Ocorre que me coloquei a pensar, como se estivesse contemplando um quadro de Paul Merwart, que os passos dados não são em direção a um ponto futuro mas sim orquestrados em torno de uma dança. O cacuriá niilista. Essa dança típica do Maranhão, que tem suas origens com as festividades do Divino Espírito Santo, nos permite girar e girar sem que nenhum propósito maior seja alcançado. Abraçando a filosofia do absurdo de Albert Camus, o cacuriá niilista proporciona um mergulho em direção ao efêmero enquanto nos proporciona algum vislumbre de felicidade genuína.

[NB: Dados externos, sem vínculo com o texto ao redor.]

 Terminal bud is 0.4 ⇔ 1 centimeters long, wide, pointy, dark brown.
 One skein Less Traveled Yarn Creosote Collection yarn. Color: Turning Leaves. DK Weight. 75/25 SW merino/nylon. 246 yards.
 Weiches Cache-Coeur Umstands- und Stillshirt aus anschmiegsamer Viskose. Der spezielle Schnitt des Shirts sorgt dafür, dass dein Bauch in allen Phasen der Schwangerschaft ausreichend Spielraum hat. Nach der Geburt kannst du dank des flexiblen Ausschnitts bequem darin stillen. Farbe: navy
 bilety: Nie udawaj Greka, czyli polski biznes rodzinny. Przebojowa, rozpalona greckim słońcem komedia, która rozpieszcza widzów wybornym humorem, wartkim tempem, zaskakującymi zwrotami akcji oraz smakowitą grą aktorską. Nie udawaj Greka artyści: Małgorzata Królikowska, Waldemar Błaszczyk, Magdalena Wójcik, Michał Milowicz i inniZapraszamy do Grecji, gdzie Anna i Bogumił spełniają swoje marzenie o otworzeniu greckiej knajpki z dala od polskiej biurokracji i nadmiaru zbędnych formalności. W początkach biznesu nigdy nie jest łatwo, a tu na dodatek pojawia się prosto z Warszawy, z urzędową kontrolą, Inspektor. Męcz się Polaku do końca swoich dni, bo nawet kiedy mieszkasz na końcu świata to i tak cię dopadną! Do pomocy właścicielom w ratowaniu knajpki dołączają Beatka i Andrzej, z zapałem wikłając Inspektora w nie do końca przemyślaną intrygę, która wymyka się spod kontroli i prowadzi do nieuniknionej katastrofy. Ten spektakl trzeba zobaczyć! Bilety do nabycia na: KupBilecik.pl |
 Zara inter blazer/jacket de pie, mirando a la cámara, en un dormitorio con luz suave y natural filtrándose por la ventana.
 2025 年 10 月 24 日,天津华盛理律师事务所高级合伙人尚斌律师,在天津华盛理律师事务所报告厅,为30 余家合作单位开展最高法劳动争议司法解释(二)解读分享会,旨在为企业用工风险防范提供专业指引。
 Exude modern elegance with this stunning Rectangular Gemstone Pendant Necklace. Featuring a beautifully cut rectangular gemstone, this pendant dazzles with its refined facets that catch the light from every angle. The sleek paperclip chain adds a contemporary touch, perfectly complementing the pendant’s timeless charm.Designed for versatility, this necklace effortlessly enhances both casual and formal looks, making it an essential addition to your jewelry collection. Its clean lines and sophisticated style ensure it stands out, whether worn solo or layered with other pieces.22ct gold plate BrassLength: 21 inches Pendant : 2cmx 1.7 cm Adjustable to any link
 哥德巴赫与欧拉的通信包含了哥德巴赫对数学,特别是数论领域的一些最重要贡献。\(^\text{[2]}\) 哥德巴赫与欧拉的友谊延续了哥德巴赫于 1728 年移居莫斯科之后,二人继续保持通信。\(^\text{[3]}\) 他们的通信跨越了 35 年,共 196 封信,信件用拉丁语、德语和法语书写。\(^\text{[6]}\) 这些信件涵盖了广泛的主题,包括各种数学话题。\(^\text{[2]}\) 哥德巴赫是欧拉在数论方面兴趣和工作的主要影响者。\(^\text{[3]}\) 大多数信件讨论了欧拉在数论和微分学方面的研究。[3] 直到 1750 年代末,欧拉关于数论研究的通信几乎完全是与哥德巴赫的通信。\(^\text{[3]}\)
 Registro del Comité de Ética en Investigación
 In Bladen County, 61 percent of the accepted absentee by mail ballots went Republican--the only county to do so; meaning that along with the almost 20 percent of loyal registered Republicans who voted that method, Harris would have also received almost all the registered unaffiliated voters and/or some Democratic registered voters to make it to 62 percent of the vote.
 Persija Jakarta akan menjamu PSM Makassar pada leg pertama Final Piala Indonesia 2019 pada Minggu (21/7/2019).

A dor emocional que é parida através da angústia no fundo nada mais é do que a dificuldade em aceitar o sofrimento como inerente à existência humana. De Kierkegaard a Camus, de Sartre à Weber. Encarar a magnitude da falta propósito no choro do recém-nascido ou na contemplação de um filme vencedor do Oscar, nas lágrimas de alegria por saber que existe alguém que nos compreender ou no alívio do salário finalmente ter sido depositado na conta ou ainda no teto da varanda desabando e sujando a rede que você lavou um dia desses. A vida é ligeira demais para nos apreendermos a detalhes que, em geral, são os que mais nos assombram.

A casa de Sísifo, no sopé da montanha, já não existe mais. Ela fora destruída tempos atrás (essa é a parte que Homero não nos conta). Sísifo mora na jornada árdua, de empurrar montanha acima sua pedra, dia após dia. E da forma como Camus explicou, ele abraçou o absurdo da vida que tem. O convite para quem chegou até aqui no texto é este: o cacuriá nos salvará da quimera que é a vida.